• REQUIREMENT:
Transcribe all the entries word for word, skipping the pictures.

• DATASET:
◆ ◆ ◆ ◆ ◆
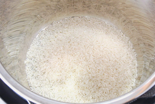 - Spoel de rijst meerdere keren onder water.
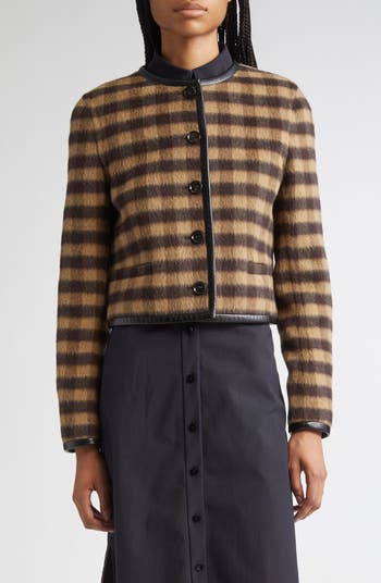 One of the checkered motifs peppered through the label's fall' '25 lookbook grids off this boxy, cropped jacket traced in rich leather and kissed with luxe wool, alpaca and cashmere fibers.
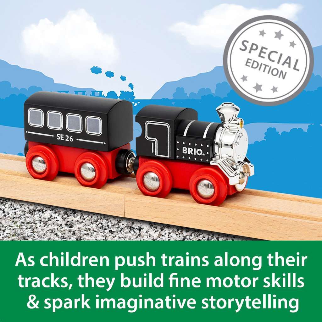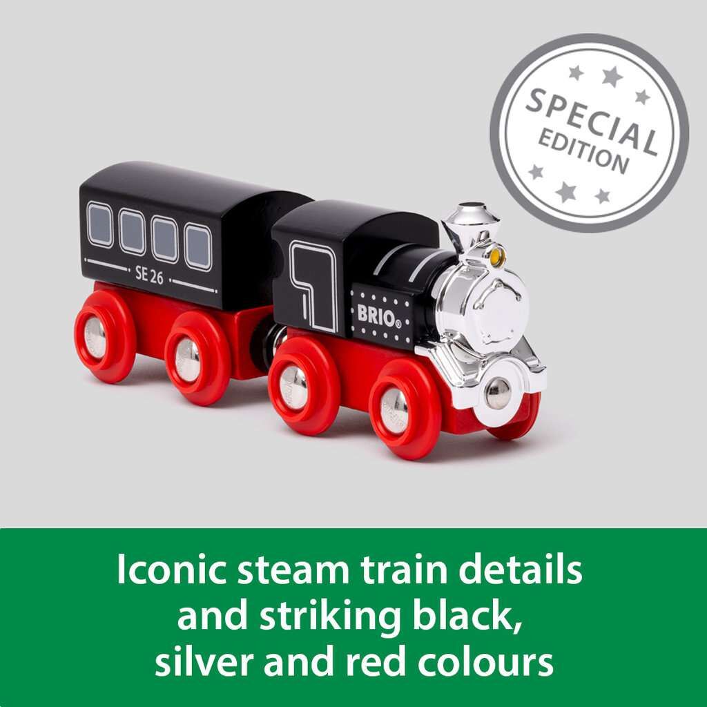 Alle einsteigen in den 36140 Sonderzug für 2026. Dieser limitierte Dampfzug ist zwar klein, hat es aber in sich: Mit seinem auffälligen Design in Schwarz, Silber und Rot ist er ein echter Blickfang in jeder BRIO World Eisenbahnanlage. Mit seinen klassischen De...
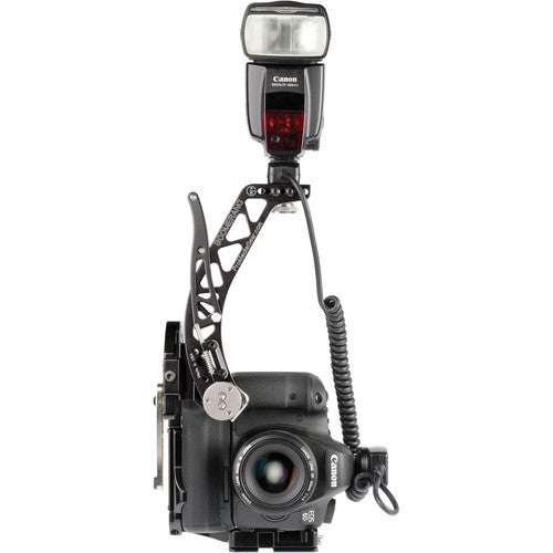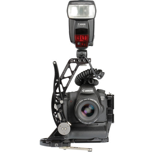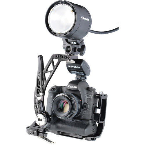 Attaching via an Arca-type compatible universal quick release plate, the bracket provides extra clearance between the camera and bracket while maintaining full access to the camera’s battery compartment. A user-supplied flash cord is required for operation.
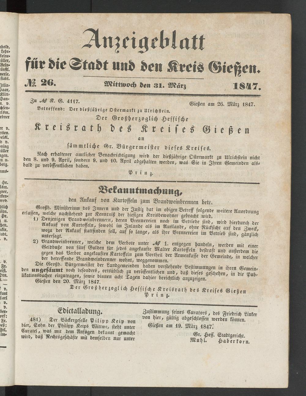 Anzeigeblatt für die Provinzialhauptstadt Gießen. 1840-1867
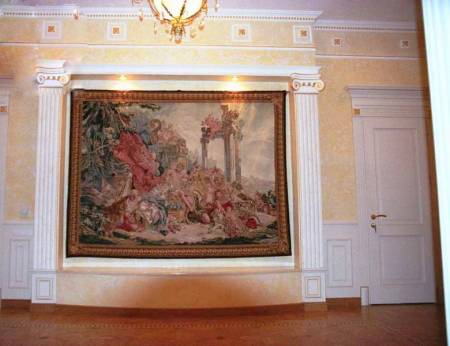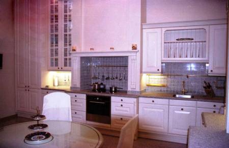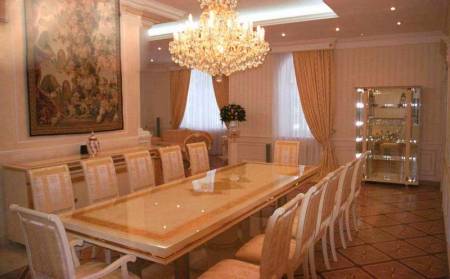 Дизайнерская мебель: Оак, Турри, производства Италия.Большой плавательный бассейн (18х6).Тепловая и водяная разводка - металлопластик.Окна - деревянные стеклопакеты.В доме работает климат-контроль.Отдельно на участке расположен гараж с квартирой для охраны (90 кв.м.). Описание дома: Цоколь - домашний кинотеатр, тренажерный зал, шубная, винная комната, винный погреб, санузел, постирочная, котельная. 1 этаж - прихожая, гардеробная, холл, большая гостиная с камином, кухня, бассейн, финская, турецкая бани, зона отдыха, 2 спальни, гостевой санузел, гараж на 2 автомобиля. 2 этаж - хозяйская зона: кабинет, спальня, 2 гардеробные, санузел; 2 детские спальни с игровыми комнатами, гардеробными и санузлами; музыкальная комната. 3 этаж - библиотека. Уровень отделки: Под ключ Коммуникации: центральные Вода: центральная Газ: магистральный Отопление: газовое Электричество: 50 кВт Канализация: центральная Связь: телефон, интернет, спутник и т.д. | |
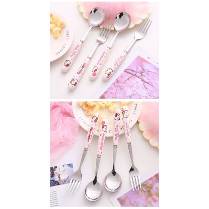 Nhà cửa & Đời sống > Bộ đồ bàn ăn > Bộ dao kéo || Muỗng nĩa inox cán sứ Hello Kitty
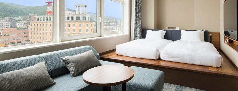 小樽駅から徒歩9分、観光エリア『小樽運河』や『堺町通り』まで徒歩4分の好立地! 様々なニーズに応えた多彩な客室と、最上階には小樽の街並みと石狩湾を望む露天付き大浴場をご用意しております。
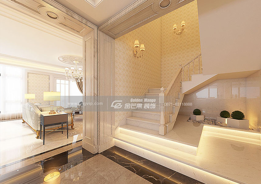 細(xì)節(jié)方面也恰到好處,樓梯安裝兩盞壁燈,邊角裝飾的燈帶顯得浪漫、撩人。金色打邊的桌子再次散發(fā)巴洛克氣息。優(yōu)雅的線條穿透著整體。
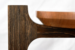 Made entirely of white oak, this table shows the range of possibilities when working with this medium. The top is quartersawn, which shows off the natural medullary rays. The base is oxidized with a natural finish, making its appearance darker.
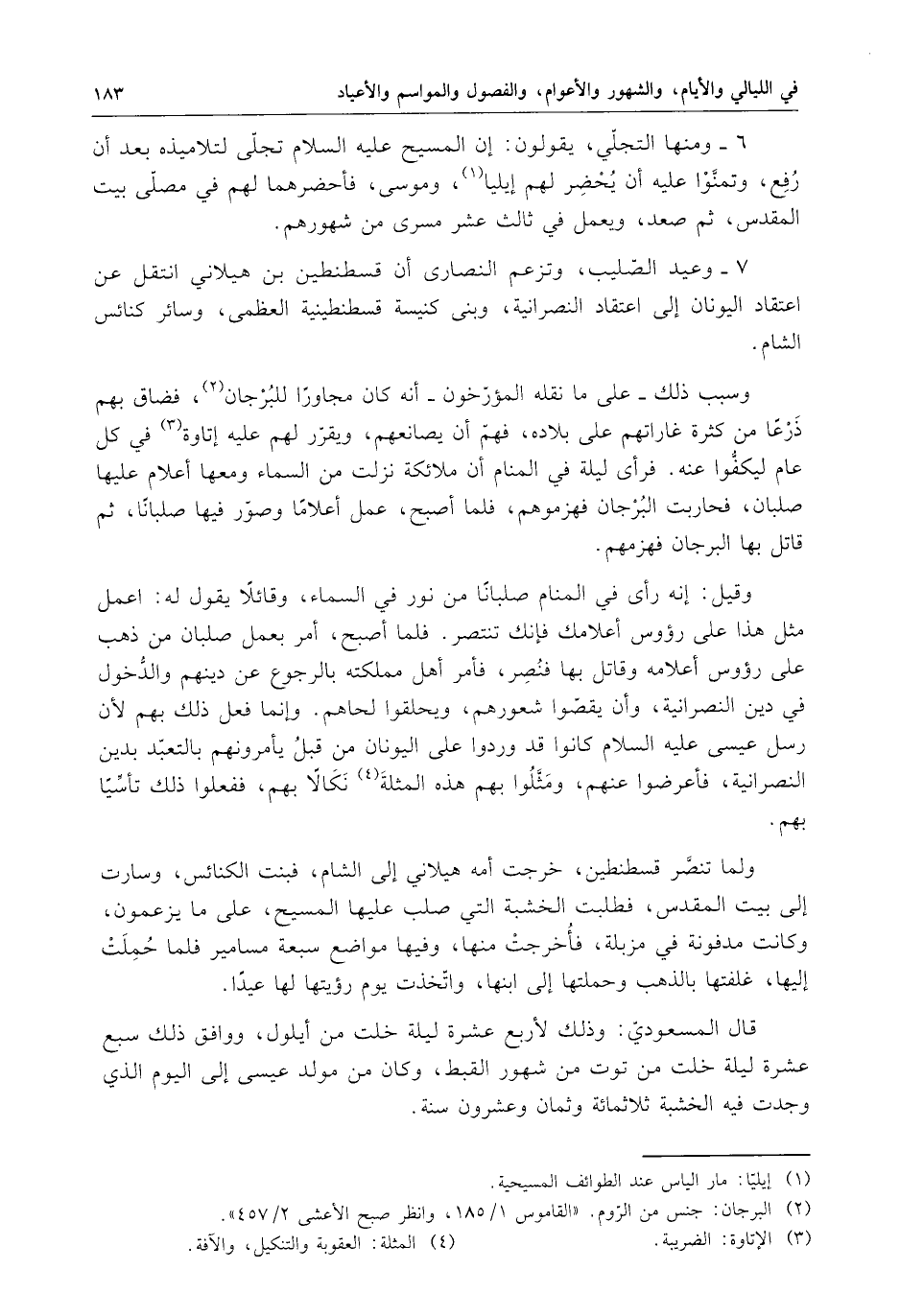 وعيد الصليب . وتزعم النصارى أن قسطنطين بن هيلاني انتقل عن اعتقاد اليونان إلى اعتقاد النصرانية ، وبنى كنيسة قسطنطينية العظمى ، وسائر كنائس الشام .
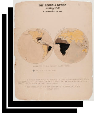 Although most of 63 charts that Du Bois and his students created for the Paris Exhibition were displayed on the countertops, available for visitors to peruse in any order they chose, the charts were conceived as two distinct sets. The first, The Georgia Negro: A Sociological Study, focused on statistics that had been compiled by Du Bois and his students that related to the Black population of that state. The second was national in scope. Entitled A Series of Statistical Charts Illustrating the Condition of the Descendants of Former Slaves Now in Residence in the United States of America, this set drew from several data sources, including the US Census, in order to put the Black population of the United States in national and international perspectives.
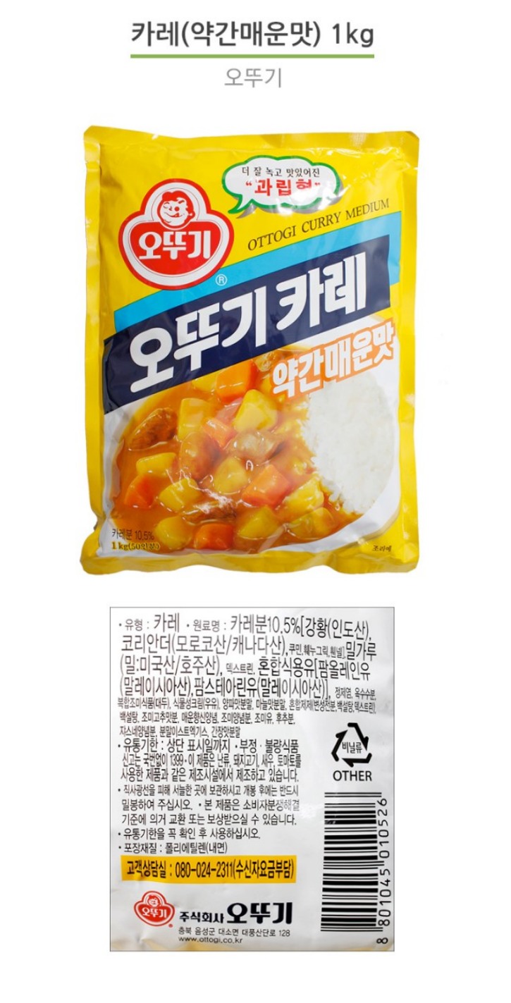 식)오뚜기카레약간매운맛1kg/1박스10입
◆ ◆ ◆ ◆ ◆
• WRITTEN SOLUTION:
 - Spoel de rijst meerdere keren onder water.
 One of the checkered motifs peppered through the label's fall' '25 lookbook grids off this boxy, cropped jacket traced in rich leather and kissed with luxe wool, alpaca and cashmere fibers.
 Alle einsteigen in den 36140 Sonderzug für 2026. Dieser limitierte Dampfzug ist zwar klein, hat es aber in sich: Mit seinem auffälligen Design in Schwarz, Silber und Rot ist er ein echter Blickfang in jeder BRIO World Eisenbahnanlage. Mit seinen klassischen De...
 Attaching via an Arca-type compatible universal quick release plate, the bracket provides extra clearance between the camera and bracket while maintaining full access to the camera’s battery compartment. A user-supplied flash cord is required for operation.
 Anzeigeblatt für die Provinzialhauptstadt Gießen. 1840-1867
 Дизайнерская мебель: Оак, Турри, производства Италия.Большой плавательный бассейн (18х6).Тепловая и водяная разводка - металлопластик.Окна - деревянные стеклопакеты.В доме работает климат-контроль.Отдельно на участке расположен гараж с квартирой для охраны (90 кв.м.). Описание дома: Цоколь - домашний кинотеатр, тренажерный зал, шубная, винная комната, винный погреб, санузел, постирочная, котельная. 1 этаж - прихожая, гардеробная, холл, большая гостиная с камином, кухня, бассейн, финская, турецкая бани, зона отдыха, 2 спальни, гостевой санузел, гараж на 2 автомобиля. 2 этаж - хозяйская зона: кабинет, спальня, 2 гардеробные, санузел; 2 детские спальни с игровыми комнатами, гардеробными и санузлами; музыкальная комната. 3 этаж - библиотека. Уровень отделки: Под ключ Коммуникации: центральные Вода: центральная Газ: магистральный Отопление: газовое Электричество: 50 кВт Канализация: центральная Связь: телефон, интернет, спутник и т.д. | |
 Nhà cửa & Đời sống > Bộ đồ bàn ăn > Bộ dao kéo || Muỗng nĩa inox cán sứ Hello Kitty
 小樽駅から徒歩9分、観光エリア『小樽運河』や『堺町通り』まで徒歩4分の好立地! 様々なニーズに応えた多彩な客室と、最上階には小樽の街並みと石狩湾を望む露天付き大浴場をご用意しております。
 細(xì)節(jié)方面也恰到好處,樓梯安裝兩盞壁燈,邊角裝飾的燈帶顯得浪漫、撩人。金色打邊的桌子再次散發(fā)巴洛克氣息。優(yōu)雅的線條穿透著整體。
 Made entirely of white oak, this table shows the range of possibilities when working with this medium. The top is quartersawn, which shows off the natural medullary rays. The base is oxidized with a natural finish, making its appearance darker.
 وعيد الصليب . وتزعم النصارى أن قسطنطين بن هيلاني انتقل عن اعتقاد اليونان إلى اعتقاد النصرانية ، وبنى كنيسة قسطنطينية العظمى ، وسائر كنائس الشام .
 Although most of 63 charts that Du Bois and his students created for the Paris Exhibition were displayed on the countertops, available for visitors to peruse in any order they chose, the charts were conceived as two distinct sets. The first, The Georgia Negro: A Sociological Study, focused on statistics that had been compiled by Du Bois and his students that related to the Black population of that state. The second was national in scope. Entitled A Series of Statistical Charts Illustrating the Condition of the Descendants of Former Slaves Now in Residence in the United States of America, this set drew from several data sources, including the US Census, in order to put the Black population of the United States in national and international perspectives.
 식)오뚜기카레약간매운맛1kg/1박스10입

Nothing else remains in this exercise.